Why We Must Fight for the Right To Hate

Every struggle for civil rights and equality has depended on freedom of speech.

In my experience, everyone supports the right to freedom of speech, as long as it’s their own speech or the speech of people they agree with. But most speech falls outside that category. Most people would ask: why support the right of people to say things you hate, or fear or that you regard as dangerous?

That’s an intuitively reasonable question. I like some of what some people say, am indifferent to a lot of what is said and think we’d all be better off if some of what is said was never said. I’d be happy if Kanye West never uttered another word. I’d be delighted if Donald Trump went silent.

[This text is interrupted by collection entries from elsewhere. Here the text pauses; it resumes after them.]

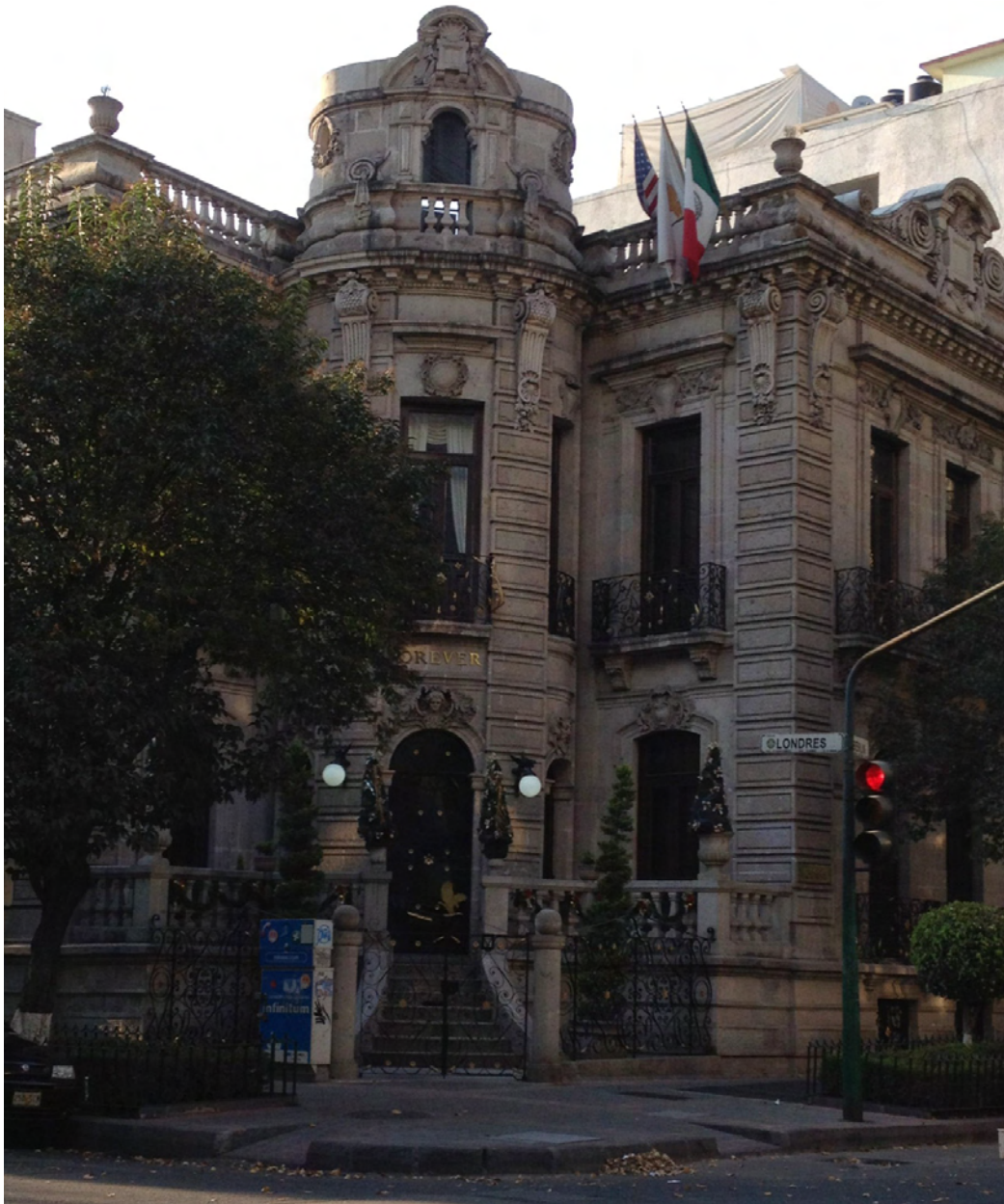
Figura 05. Casa porfiriana en la ciudad de México, calle Londres n. 113, esquina con calle Berlín (Delegación Cuauhtémoc de Ciudad de México).
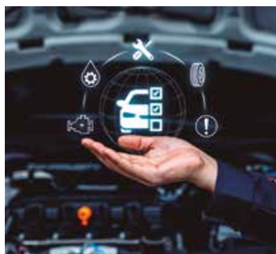
REF. CN 64 / CN 64R
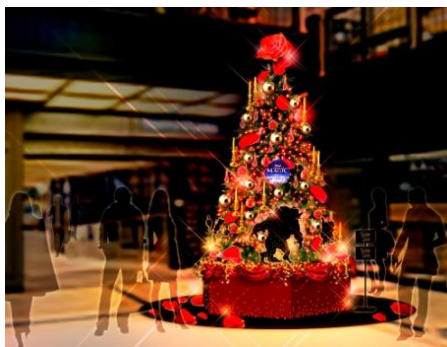
(地下鉄改札側) クリスマスツリー(B2F)

※館内のクリスマス装飾は、それぞれ設置場所の営業時間に準じますが、イベント等の実施により、一部ご覧になれない日がある場合がございます。ご了承ください。
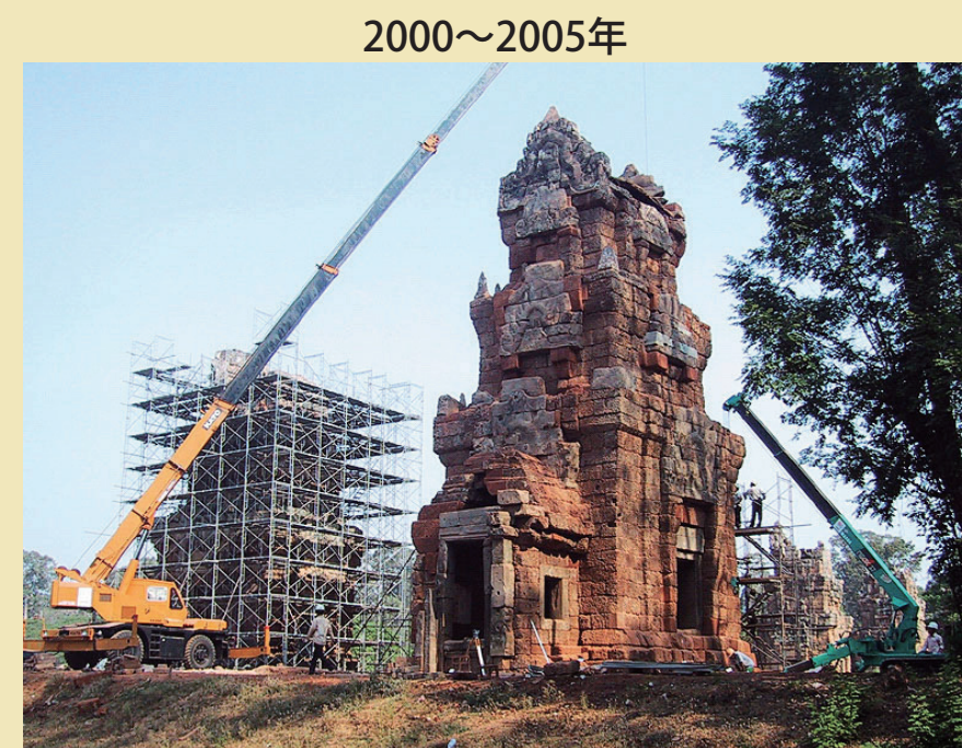
2000～2005年 修復事業 プラサート・スー・プラ N1/N2 塔
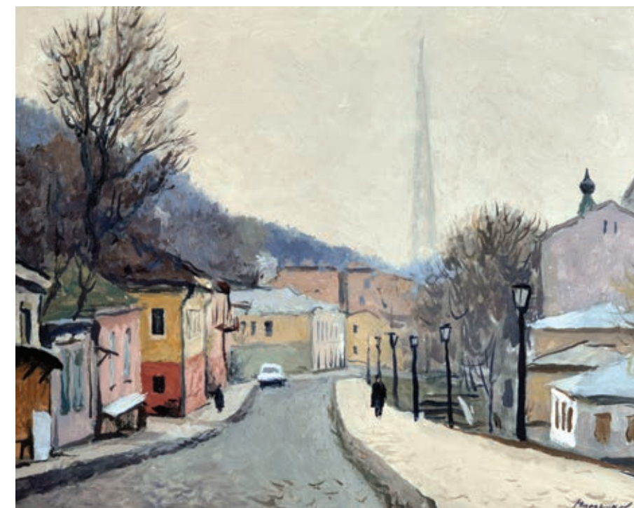
23 «Боричів тік», 1980-і Полотно, олія 40 x 50 см Підпис знизу праворуч
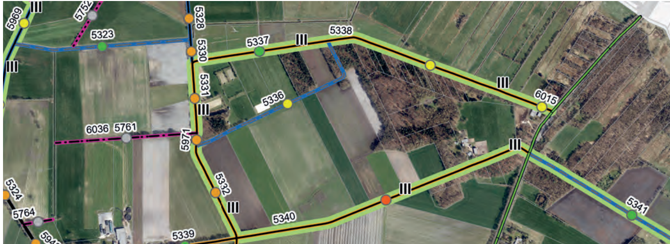
Abbildung 21: Ausschnitt aus dem fertigen Wege- und Biotopverbundkonzept. Die Wegekategorie, der Wegezustand, die Befestigungskategorie und die Wege, welche sich besonders für den Biotopverbund anbieten, werden grafisch dargestellt.
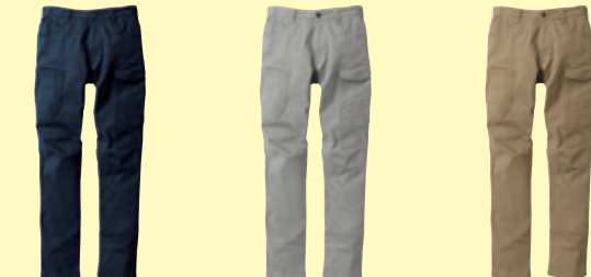
(1) ネイビー (7) グレー (87) ライトブラウン

2982-08 カーゴパンツ(ノータック) ¥5,000 (税込 ¥5,500) 素 材：綿 98%・ポリエステル 2% サイズ：70～130
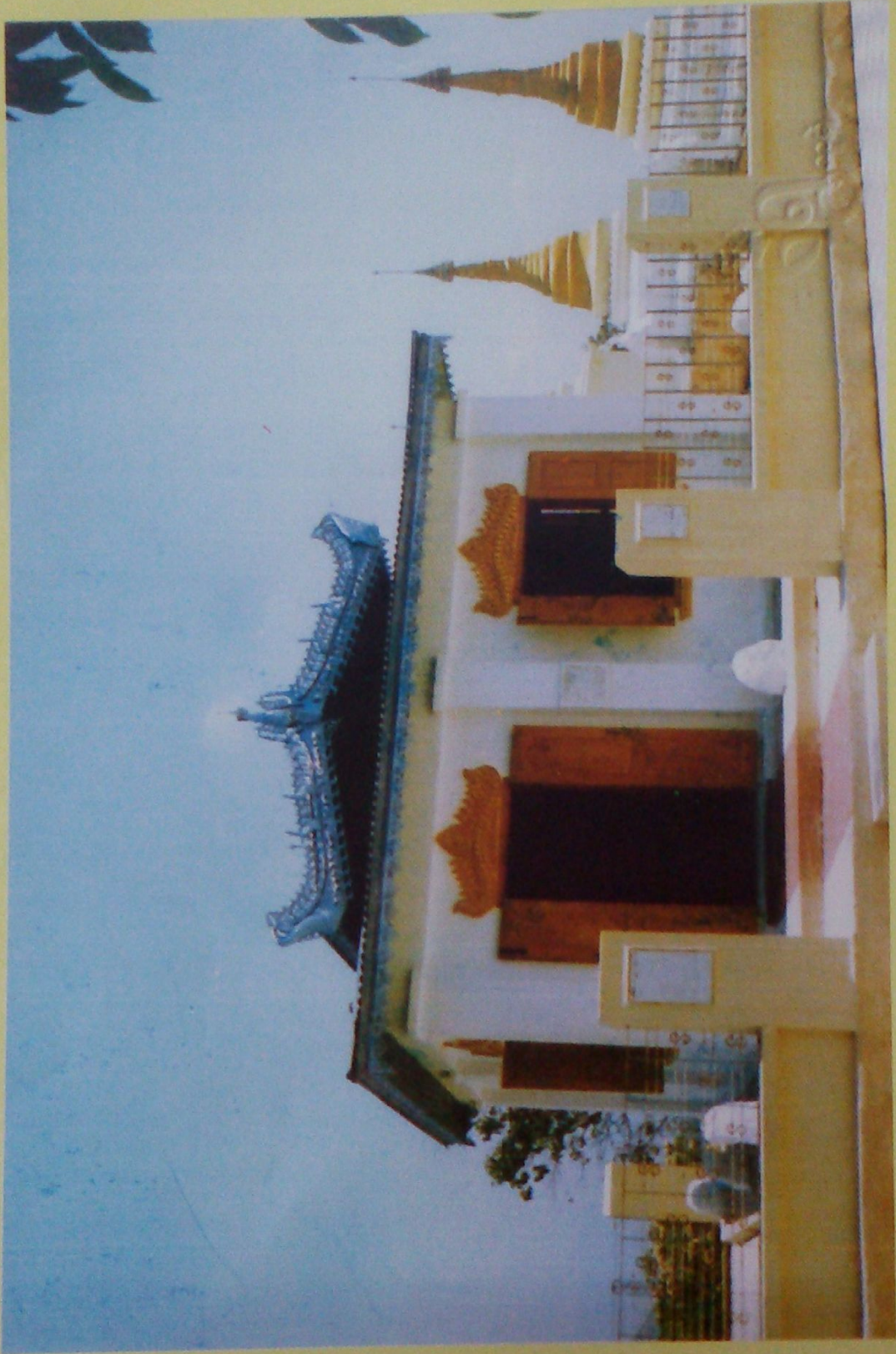
ပြက္ခဒိန်တော်ရင် စေတီတော် ရင်ပြင်ရှိ ရှင်အရဟံသိမ်
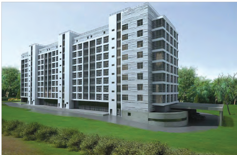
Строящийся объект на ул. Мосфильмовская, д. 42

В хозяйственном ведении ГлавУпДК при МИД России находятся 113 уникальных особняков в Москве, большинство из которых являются бесценными памятниками истории и культуры, имеющими статус объектов культурного наследия федерального и регионального значения. В большинстве исторических особняков размещаются посольства иностранных государств. В связи с этим ГлавУпДК при МИД России постоянно решает двойную задачу: обеспечить иностранным посольствам и дипломатам соответствующие их статусу условия для пребывания и деятельности в столице Российской Федерации, а также сохранить в надлежащем состоянии бесценные памятники истории и культуры.
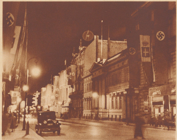
Die Ausnahme. Deutsche und italienische Flaggen hingen in unvorstellbaren Mengen überall da von den Gebäuden herunter, wo die beiden Diktatoren durchkamen, nur das Gebäude der britischen Botschaft an der Wilhelmstraße blieb kahl, ebenso war's mit dem der russischen Botschaft.

Quelle joie exprime les yeux de cette jeune spectatrice.
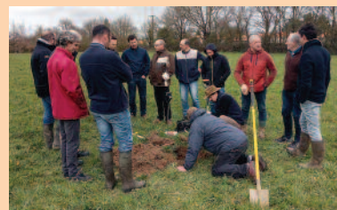
Observation de profils de sol lors d'une formation avec le GABB 32
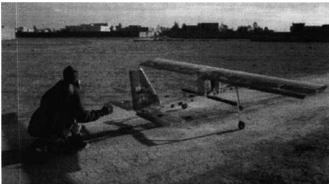
Рис. № 4 – малогабаритный летательный аппарат.

БВС-камикадзе является весьма специфичным классом беспилотной техники, информация о котором чаще всего носит секретный характер. Такой дрон представляет собой малогабаритный летательный аппарат (рис. № 4), способный нести несколько килограмм взрывчатки.
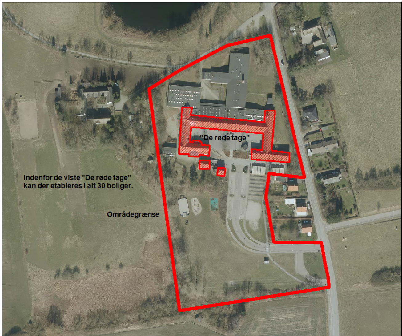
Kort 1 – Bygninger der kan indrettes til boliger er vist med rød skravering.

Boliger er omfattet af liste 1 i tilladelseslisten (bilag 1 til Vandplanerne), hvor risikoen for forurening af grundvandet er mindst. Grundvandet sikres ved indførelse af en retningslinje om, at parkerings- og kørselsarealer skal være befæstede. Grundvandsdannelsen vil ikke blive mindsket ved ændringsanvendelsen, da en større del af den eksisterende bebyggelse vil blive nedrevet – og de samlede befæstede arealer vil blive mindre – i begge tilfælde erstattet af grønne arealer.
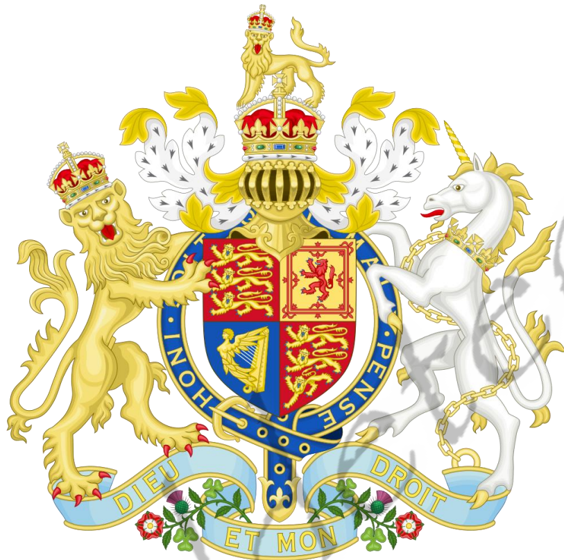
Wapen van George als koning van het Verenigd Koninkrijk
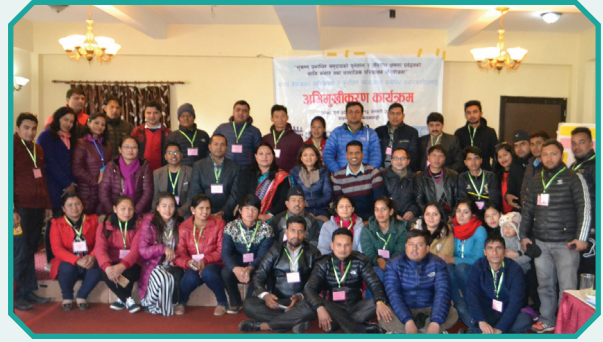
विभिन्न जिल्लाका संचारकर्मीहरूसँग मानव बेचबिखन विरुद्ध अभिमुखिकरण कार्यक्रम
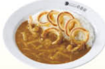
イカチーズカレー
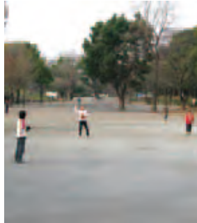
3 流鏝馬の行われる広場
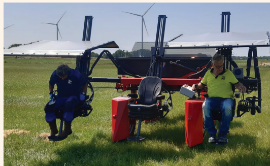
Aardappelselecteurs Wytse Bruining en Hans Scholthoorn

Een mooie bijkomstigheid van deze kar is dat deze niet alleen is voorzien van luxe stoelen, maar ook een radio en - niet geheel onbelangrijk - zonbescherming heeft.
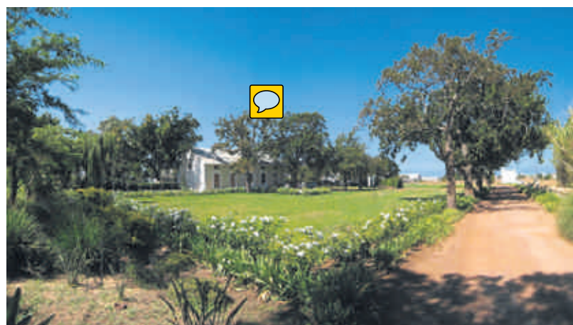
'n Onlangse foto van hoe die historiese kerk vandag lyk.
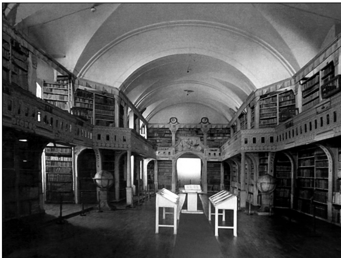
A Batthyaneum könyvtárterme.

könyvtárát hagyományozta a püspökségre. Ezekhez járult az a levéltári állag, melyet a tulajdonos püspökséget közvetlenül érintő anyagnak minősítettek, s a Gyulafehérvári Káptalan, illetve a Kolozsmonostori konvent Levéltárának Budapestre,
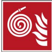
Tuyau d'incendie non raccordé F019
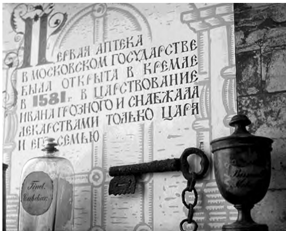
Рис.1. Первая царская аптека
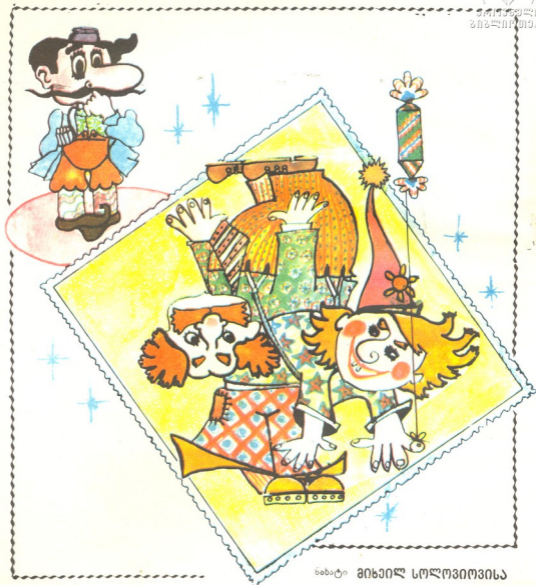
ნახატი მიხეილ სოლოვიოვისა

ძია ცხრაკლიტულამ ცირკეში ამ ორ ხუმარას სურათი გადაუღო. დააკვირდით და გააჩქვიეთ—როგორ ღვანან ისინი
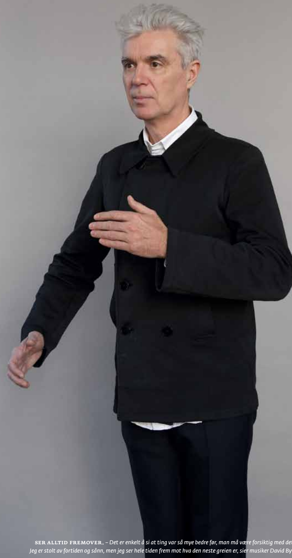
SER ALLTID FREMOVER. – Det er enkelt å si at ting var så mye bedre før, man må være forsiktig med det. Jeg er stolt av fortiden og sånn, men jeg ser hele tiden frem mot hva den neste greien er, sier musiker David Byrne.

– Da jeg ble klar over at flere folk hørte på, ble tilværelsen vår mer som et samfunn, et kollektiv. Vi mistet oss selv i denne store gruppen mennesker som plutselig så på oss, og tok vare på oss. Det var en deilig følelse. »
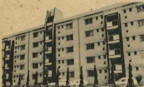
簡保資金で建てられた高松改良住宅
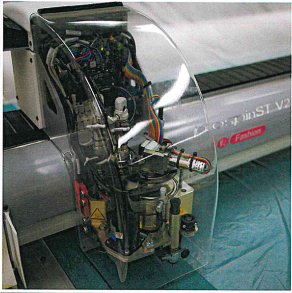
Tête de découpe
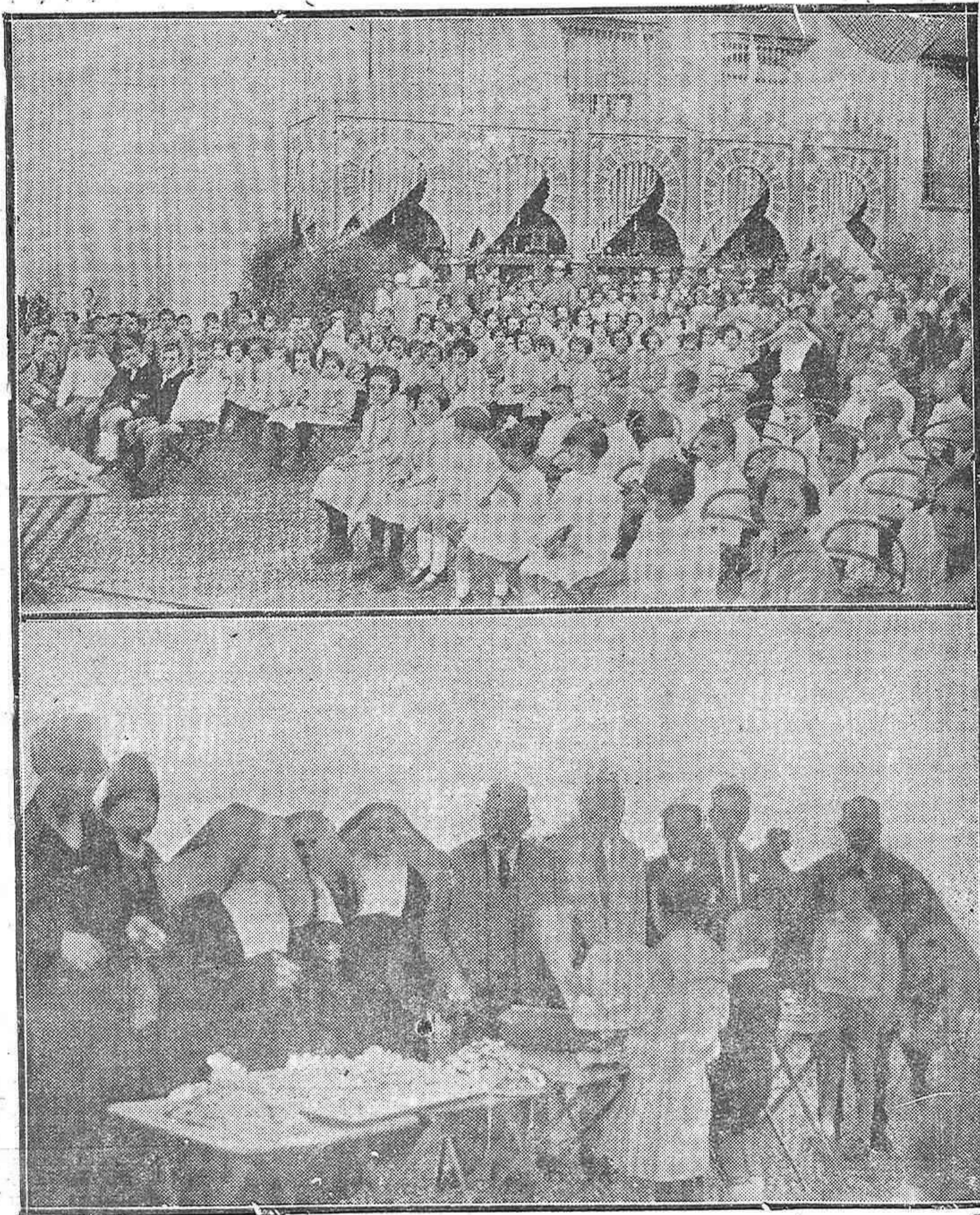
ACTO SIMPATICO.--Con el producto de la tómbola benéfica se entrega en el Triunfo a los niños de las Escuelas Nacionales del barrio de la Catedral y asilados, diplomas y cartillas del Ahorro Postal.—La Junta de la Virgen de los faroles en el acto de entregar los diplomas y cartillas del Ahorro.
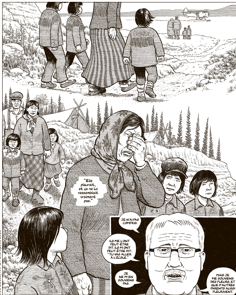
Joe Sacco, XXI & Futuropolis 2020
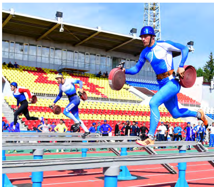
Преодоление стометровой полосы с препятствиями

– В пожарно-прикладном спорте для меня самое сложное упражнение – соединить разветвление на полосе с препятствиями. Еще одна трудность – максимально сконцентрироваться и выдать результат на соревнованиях не хуже, чем на тренировках. Обычно тренер помогает, дает напутствие и это помога-

In 1968, when the racist George Wallace, a Democratic governor of Alabama, was running as a third-party candidate for president of the United States, I defended his right to speak at a stadium owned by New York City, after the then mayor had banned him from using that platform. There was, at that time, no one whose speech I despised more than Wallace’s. I considered him, and his candidacy, a credible danger to the fundamental rights I was spending my life trying to protect. Nor was that a unique case. Many speakers whose right to speak I defended during my 34 years at the American Civil Liberties Union (ACLU) expressed views I disagreed with, some of which I thought were bigoted and dangerous.

So why did I do it? Why defend the right of people to express views when such people, if they gained the power to do so, would eliminate my views, and maybe eliminate me?

For me, the answer is strategic. I can never be certain who will have political power. I can never be certain that the only people who get elected will agree with me. I know – because it has happened many times – that people will gain political power who will, if they can, act to punish me or people I agree with, because of our views. So what I need is an insurance policy. I want insurance against the probability that people in power will suppress or punish me for my views.

In a democracy, the majority rules. I support that, of course. But I don’t want the majority to rule everything. If the majority is white, I don’t want the majority to tell black people they can’t vote. If men are in power, I don’t want them telling women they can’t use contraceptives. If there are more Christians than Jews or Muslims, I don’t want the Christian majority forcing non-Christian kids to recite Christian prayers in public schools. And if heterosexuals are the majority, I don’t want them to be able to deny jobs to homosexuals, or put them in jail. Nor do I want anyone to have the power to discriminate against transgender people.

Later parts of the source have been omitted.